*** GIVEN DATA

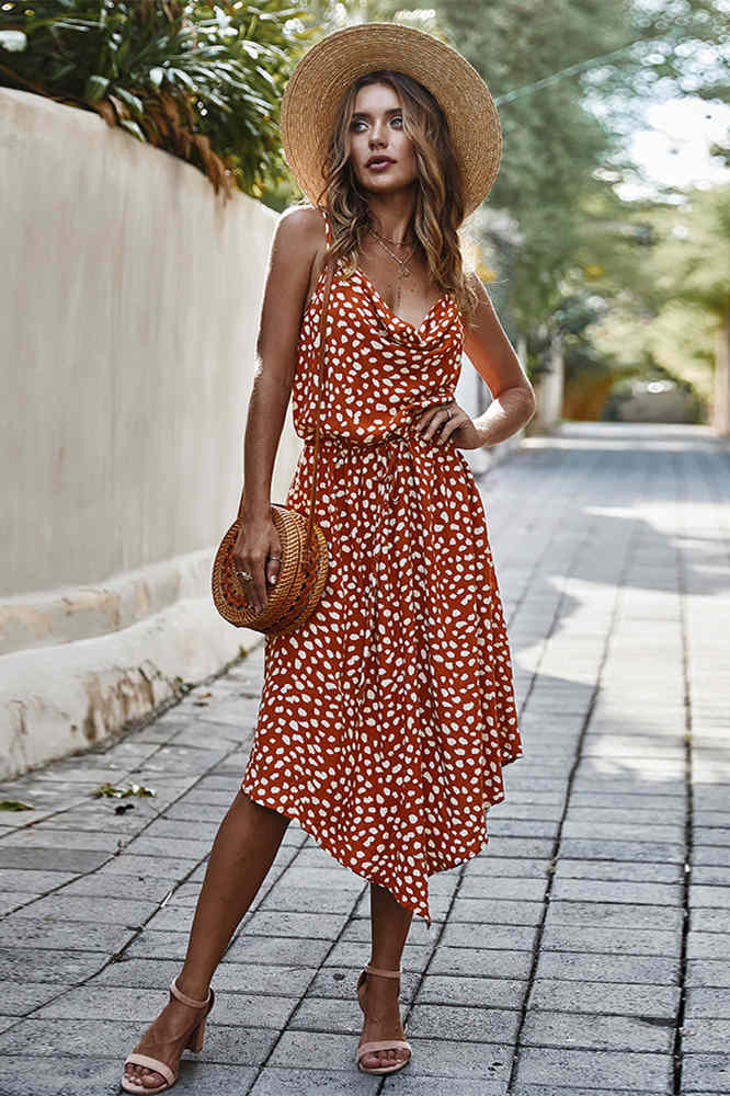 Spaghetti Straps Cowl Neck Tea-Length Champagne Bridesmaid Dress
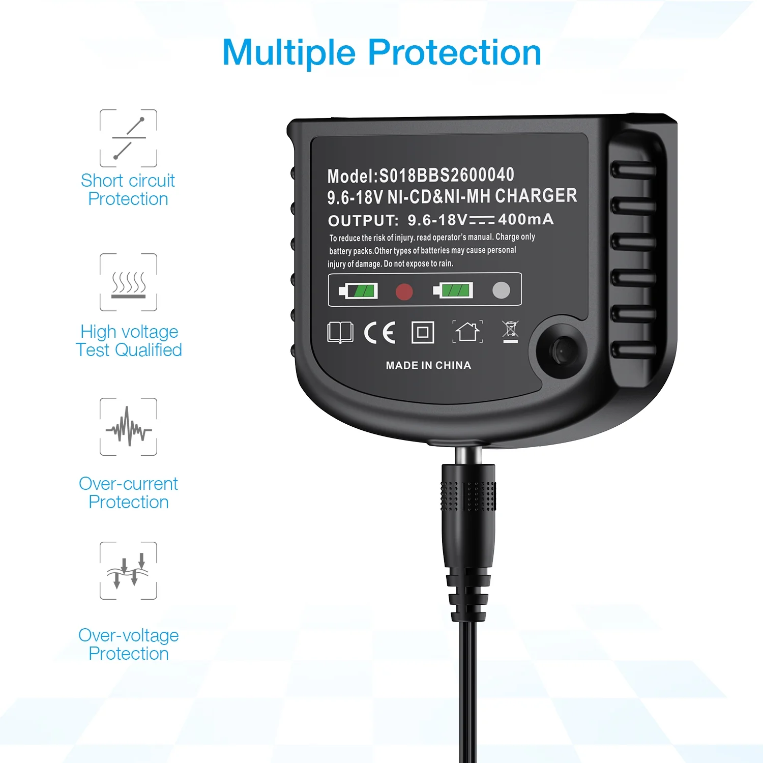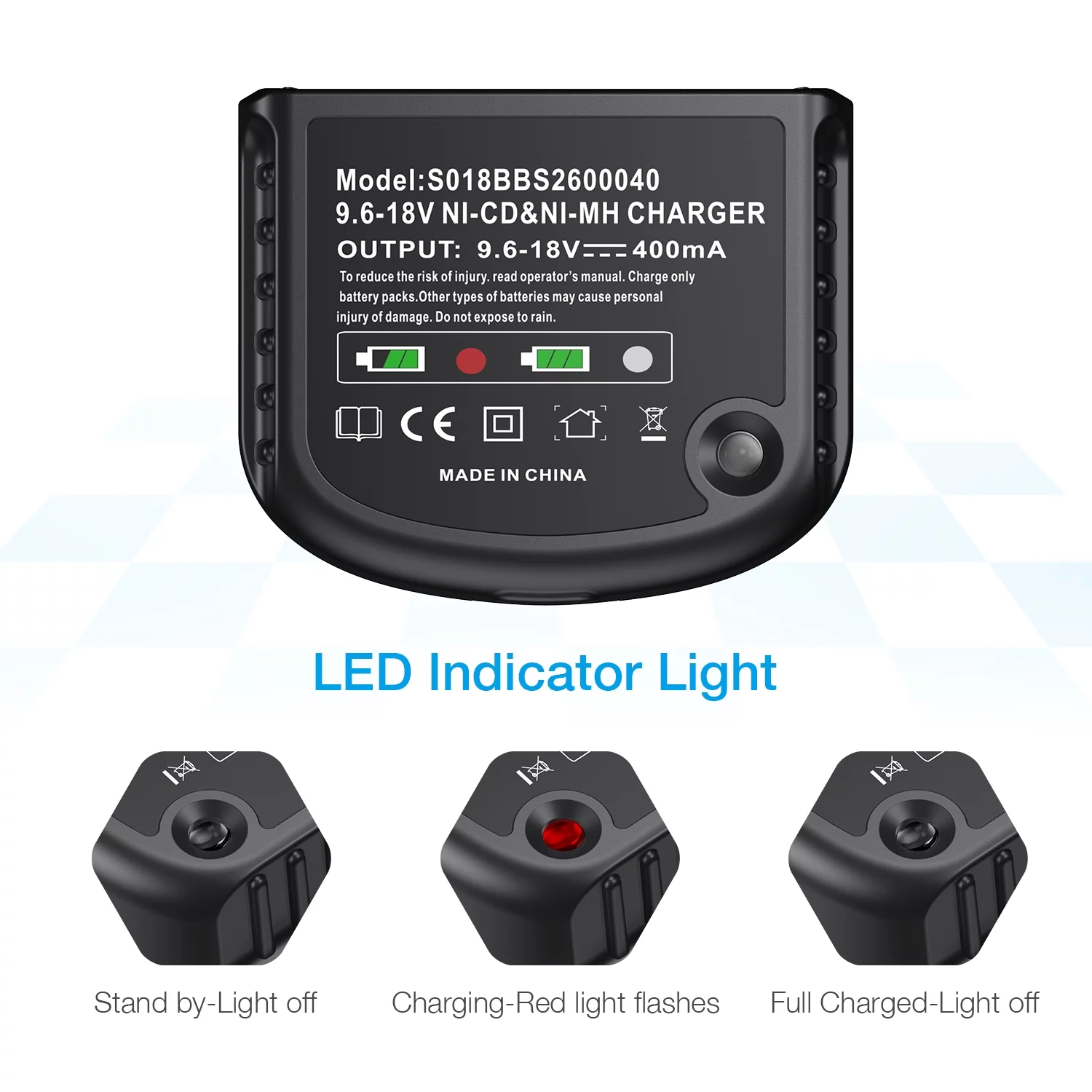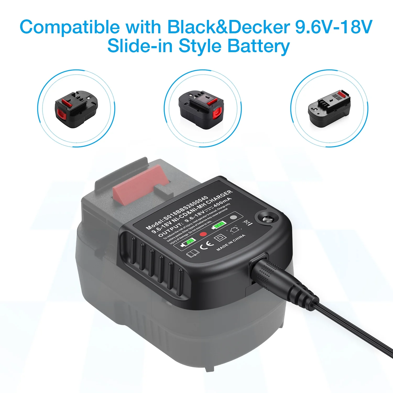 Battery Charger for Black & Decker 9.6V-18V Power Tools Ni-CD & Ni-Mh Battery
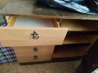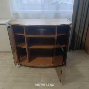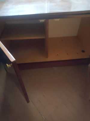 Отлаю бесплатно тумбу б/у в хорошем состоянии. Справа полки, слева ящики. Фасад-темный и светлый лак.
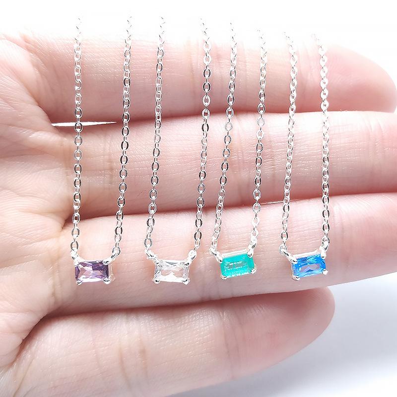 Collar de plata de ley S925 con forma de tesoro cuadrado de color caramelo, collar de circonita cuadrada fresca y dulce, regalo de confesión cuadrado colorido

******

EXERCISE OBJECTIVE: Without including any pictures, reproduce the data exactly.

SOLUTION TO THIS TASK:
 Spaghetti Straps Cowl Neck Tea-Length Champagne Bridesmaid Dress
 Battery Charger for Black & Decker 9.6V-18V Power Tools Ni-CD & Ni-Mh Battery
 Отлаю бесплатно тумбу б/у в хорошем состоянии. Справа полки, слева ящики. Фасад-темный и светлый лак.
 Collar de plata de ley S925 con forma de tesoro cuadrado de color caramelo, collar de circonita cuadrada fresca y dulce, regalo de confesión cuadrado colorido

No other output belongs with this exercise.